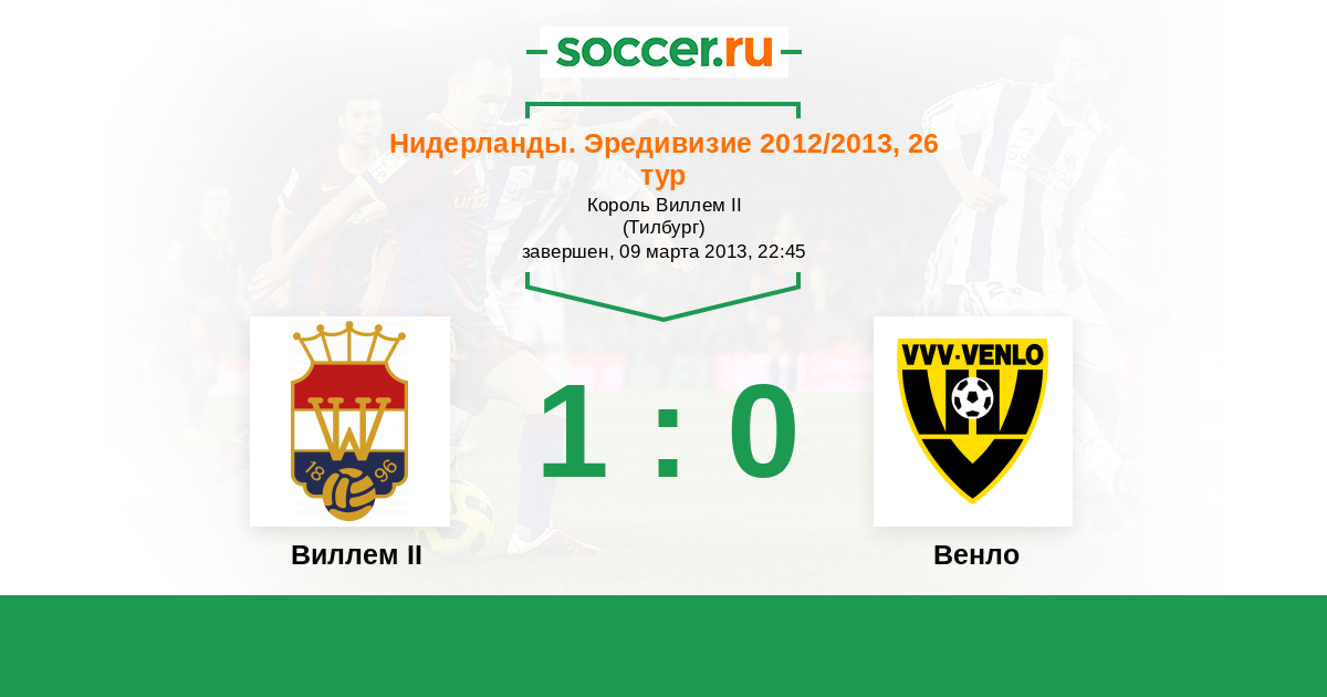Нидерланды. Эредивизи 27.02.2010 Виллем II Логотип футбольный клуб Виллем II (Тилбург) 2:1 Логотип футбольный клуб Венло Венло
++++++++
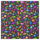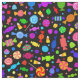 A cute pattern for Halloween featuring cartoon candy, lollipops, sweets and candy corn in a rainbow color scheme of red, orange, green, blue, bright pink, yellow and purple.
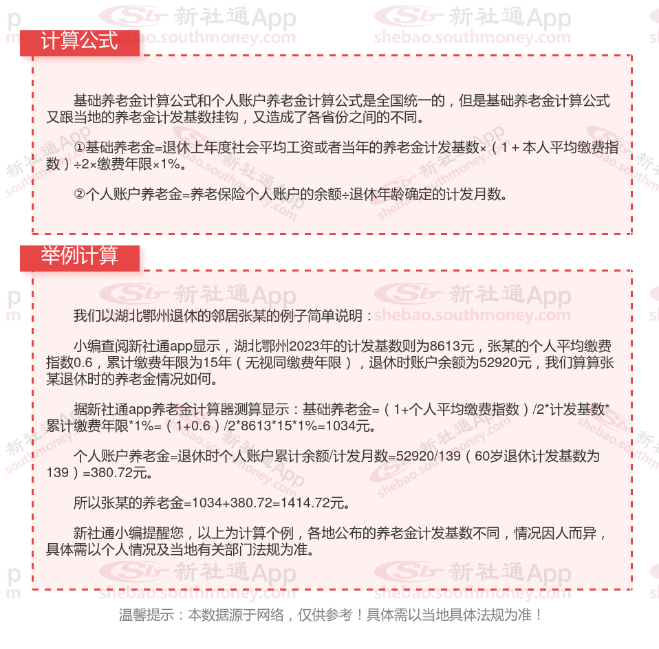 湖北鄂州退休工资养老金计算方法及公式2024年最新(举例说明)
++++++++
:: Work item ::
The data above holds the lines to copy: start at the one with "A cute pattern", stop at the one with "湖北鄂州退休工资养老金计算方法及公式2024年最新(举例说明)", include both, copy them exactly without pictures, and copy nothing else.

:: Response to the exercise ::
 A cute pattern for Halloween featuring cartoon candy, lollipops, sweets and candy corn in a rainbow color scheme of red, orange, green, blue, bright pink, yellow and purple.
 湖北鄂州退休工资养老金计算方法及公式2024年最新(举例说明)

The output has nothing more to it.